Ultimately, people will make choices which harm themselves, whether they involve diet, smoking, drinking, lack of exercise, sexual activity or pursuit of extreme sports. In all these instances, the Government rightly takes the line that if these activities are to be pursued, society will ensure that those who pursue them have access to accurate information about the risks; can access assistance to change their harmful habits should they so wish; are protected by a legal standards regime; are taxed accordingly; and – crucially – do not harm other people. Only in the field of drugs does the Government take a different line.

The case is overwhelming. But I fear that policy will not catch up with the facts any time soon. It would take a mature society to accept that some individuals may hurt, or even kill themselves, as a result of a policy change, even if the evidence suggested that fewer people died or were harmed as a result. It would take a brave government to face down the tabloid fury in the face of anecdotes about middle-class children who bought drugs legally and came to grief, and this is not a brave government.

I think what was truly depressing about my time in the civil service was that the professionals I met from every sector held the same view: the illegality of drugs causes far more problems for society and the individual than it solves. Yet publicly, all those people were forced to repeat the mantra that the Government would be "tough on drugs", even though they all knew that the policy was causing harm.
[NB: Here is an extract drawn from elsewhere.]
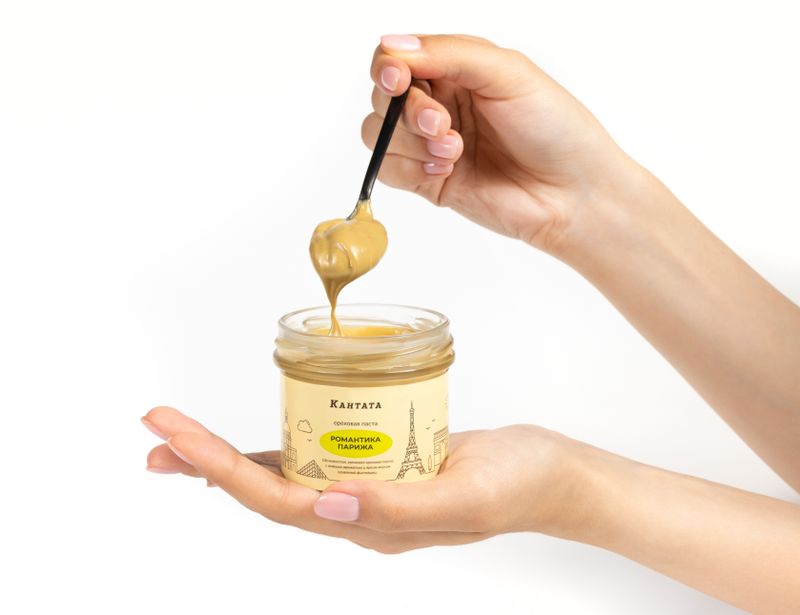 В составе лакомства 47,5% фисташки — это «самая ореховая» паста Кантаты. Густая, нежная, пленительная, она обладает умерено сладким вкусом. А сливочный аромат фисташки раскрывается нотами дыни и цветов.

I recall a conversation I had with a Number 10 policy advisor about a series of announcements in which we were to emphasise the shift of resources to treatment and highlight successes in prevention and education. She asked me whether we couldn't arrange for "a drugs bust in Brighton" at the same time, or "a boat speeding down the Thames to catch smugglers". For that advisor, what worked mattered considerably less than what would play well in the right-wing press. The tragedy of our drugs policy is that it is dictated by tabloid irrationality, and not by evidence.